Documentaire
Après les premières visites du Marché Victor Hugo alors désaffecté mais incroyablement intact avec ses stands, ses vitrines, ses objets épars jonchant sur les étals et sa signalétique encore en place, a commencé le travail d’enquête. Il s’agissait d’explorer l’histoire du bâtiment, celle de sa construction comme celle de sa vie de Marché alimentaire et de s’interesser au contexte urbain et social dans lequel s’inscrit ce batiment de béton brut.
Extrait d’entretien avec Caroline Melon
Lors de tes recherches, tu as choisi de rencontrer à la fois les concepteurs (architectes) du lieu et certains des anciens usagers (commerçants). Comment as-tu abordé ces rencontres ? Quel savoir recherchais-tu ? Qu’as-tu choisi d’en conserver pour le public ?
Caroline Melon : Ce qui m’intéresse, c’est comment les bâtiments parlent des humains, et inversement. C’est une façon de raconter la grande Histoire d’une ville : la somme des micro-histoires, dans leur complexité, leurs désaccords, leurs paradoxes, finit par dessiner une réalité bien plus fournie et vivante qu’une plaque commémorative ou la parole d’un historien. Par ailleurs les gens n’ont en général pas peur de parler d’un bâtiment, sauf bâtiment extrêmement marqué comme Auschwitz évidemment, mais sinon c’est un prétexte, on commence à parler du bâtiment et on finit par parler de soi, de son intimité, de sa façon de vivre son quartier, de s’alimenter, des modes de « rassemblement » des humains dans les villes (« on venait pour le café, à la fin de marché »), on parle évidemment politique, pour ou contre la fermeture du marché, bref, on parle de ce qui fait que les humains font société ensemble.
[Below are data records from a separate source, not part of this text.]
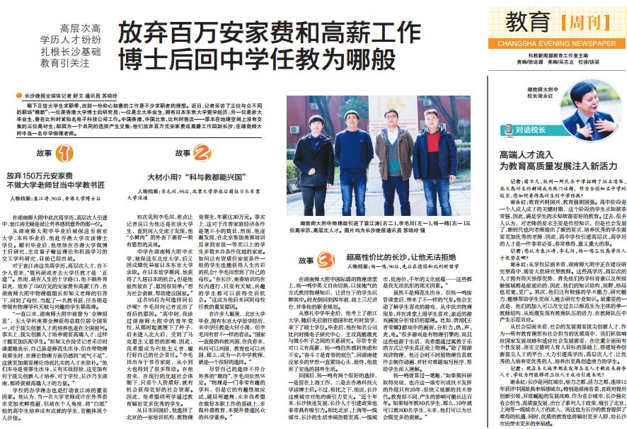 谢永红:从学校层面来看,湖南师大附中正在建设研究型高中,需要大批研究型教师。这些高学历、高层次的人才拥有得天独厚优势,首先他们的学科背景以及所接触领域都是最前沿的,因此,他们的知识结构、视野、格局也更宽、更广。其次,他们还有较强的学术能力、研究能力,能够帮助学生更深入地去研究专业知识。最重要的一点是,他们的加入可以改变过去以师范生为主体的单一教师结构,从而激发现有教师队伍的活力,在教师队伍中产生示范效应。从社会层面来看,社会的发展需要拔尖创新人才,作为一所有教育理想和社会担当的优质高中,我们积极响应国家发展战略和适应社会发展需要,在注重全面而有个性发展,落实立德树人育人目标的基础上,搭建培养创新拔尖人才的平台,大力引进高学历、高层次人才,让优秀的人培养更优秀的人,培养出更具创造潜力的学生。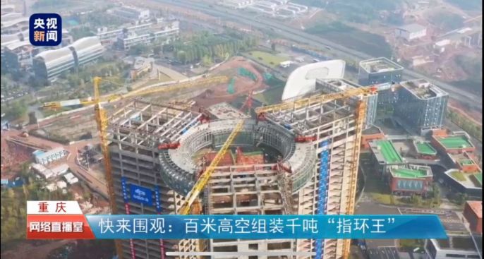 据悉,重庆仙桃数据谷是围绕深入贯彻实施国家大数据战略、加快建设数字中国而建设的大数据产业园区。中国五冶承建的重庆仙桃数据谷二期一标段项目在其中具有鲜明的特色,被誉为巨型“钢指环”的仙桃数据谷9号楼环形连廊外径达32.6,内径为20.6米,高度达到99.8米,总重高达2060吨,连廊将数据谷内3座塔楼无缝串联,在重庆数据谷内成为显著地标。由于提升高度近百米的钢结构高空环廊整体提升工程在全国均属罕见,为确保顺利实施,中国五冶采用了BIM综合管理技术、“BIM+机器人”测量放线等一系列新技术,为环廊顺利从“谷底”飞跃至百米高的“云端”保驾护航。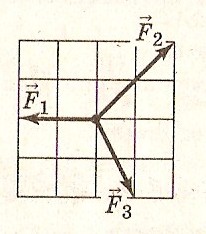 На тело действуют три силы, изображенные на рисунке. Известно, что сила \(F_1\) = 10 Н. Чему равна равнодействующая сила, приложенная к телу? Ответ дать в Ньютонах, в ответе записать только число.

J’ai confié à Loïc Lachaize, qui mène un travail sonore, la confection d’un objet de restitution de ces témoignages, à partir du plan d’intervention retrouvé sur place. Nous avons aussi interrogé les architectes qui avaient conçu le bâtiment et cette fameuse « voiture qui tombe », et ils nous ont confié les premiers croquis de cette voiture qui explose la façade, ainsi que les plans de l’époque. Ils étaient heureux et fiers de participer, de raconter.
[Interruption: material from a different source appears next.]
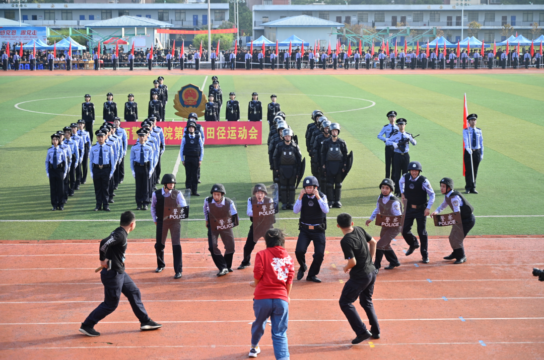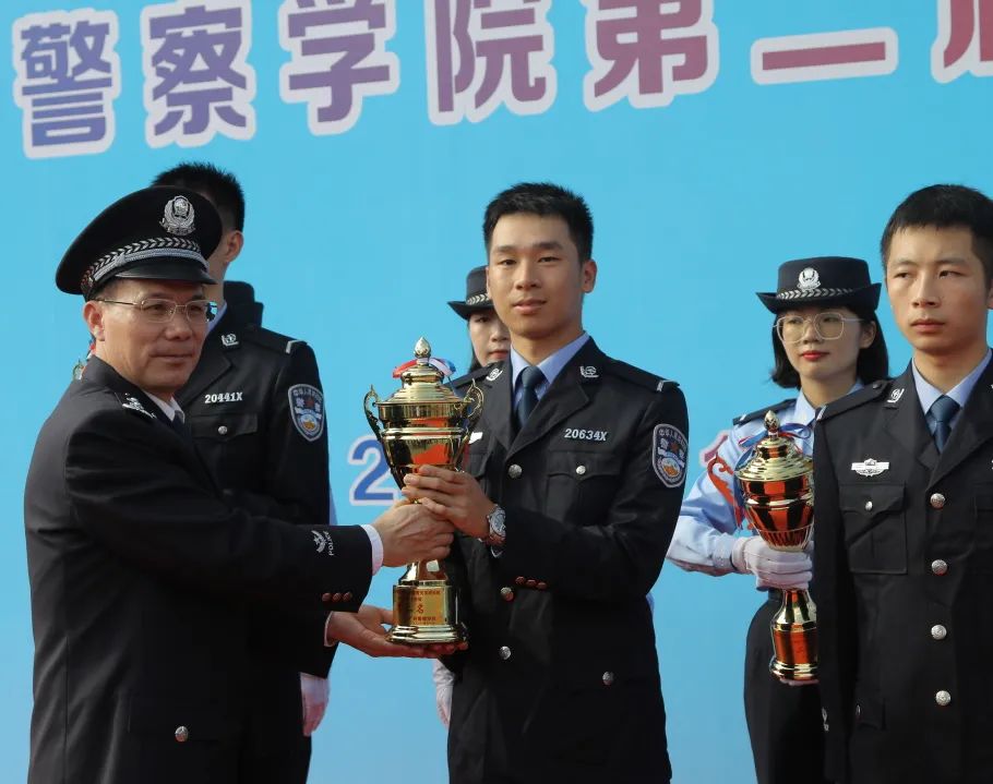 开幕式后,beat365唯一官方网站第二届体育节暨公安专业学生首届警务实战技能大比武颁奖在仙葫校区田径运动场观礼台前进行。

Pour moi, il s’agissait ici, par le prisme de cet objet connu dans tout Bordeaux, de faire appel à la mémoire collective, au présent collectif même, de donner place à une sculpture qui n’est pas considérée comme un œuvre et qui pourtant fascine autant les touristes que les gens qui la voient tous les jours.
Le contexte urbain du Marché est fortement marqué par l’histoire de la mendicité sur le cours Victor Hugo, comment avez-vous choisi d’aborder ce point particulier ?
C.M. : Par plusieurs biais. L’équipe de Chahuts et moi-même avons travaillé avec des professionnels du service social de la mairie (DSU) : éducateur de rue, psychologue, professionnel de l’accompagnement social. Leurs éclairages ont été incroyablement précieux. Ils nous ont véritablement accompagnés dans la réflexion, pour que nous évitions les pièges de l’exotisme, de la bonne conscience charitable, des préjugés. Ils nous ont dirigés vers le CEID avec qui nous travaillons déjà par ailleurs pour le programme TAPAJ. Celui-ci propose à des jeunes en errance des petits contrats de travail de 6h d’affilée pour lesquels ils sont payés le jour même. Réinsertion, valorisation, adaptation à leurs besoins, ce programme nous a permis de vider la Halle des gravats qui l’encombraient. Les jeunes ont travaillé pendant une semaine dirigés par Marc-Emmanuel Mouton, directeur technique du projet. Ce lien était important pour que nous puissions le faire fructifier pendant toute la durée de l’exploitation.
Nous sommes aussi allés à la rencontre des personnes qui « squattaient » le cours Victor Hugo, très simplement, en allant discuter, expliquer ce qu’on allait faire, en les invitant à entrer et venir visiter. Nous avons petit à petit tissé des liens avec certain-e-s d’entre eux-elles qui revenaient ou qui avaient l’habitude de s’installer, offrant un café, nous faisant des blagues récurrentes, nous rendant mutuellement de menus services…
En les traitant comme des voisins à part entière, nous les avons prévenus du fait que beaucoup de public allait venir sur ce lieu : en effet, la psychologue nous avait expliqué que ces personnes choisissent souvent de s’établir loin des
zones d’affluence et de la proximité éventuelle de la police.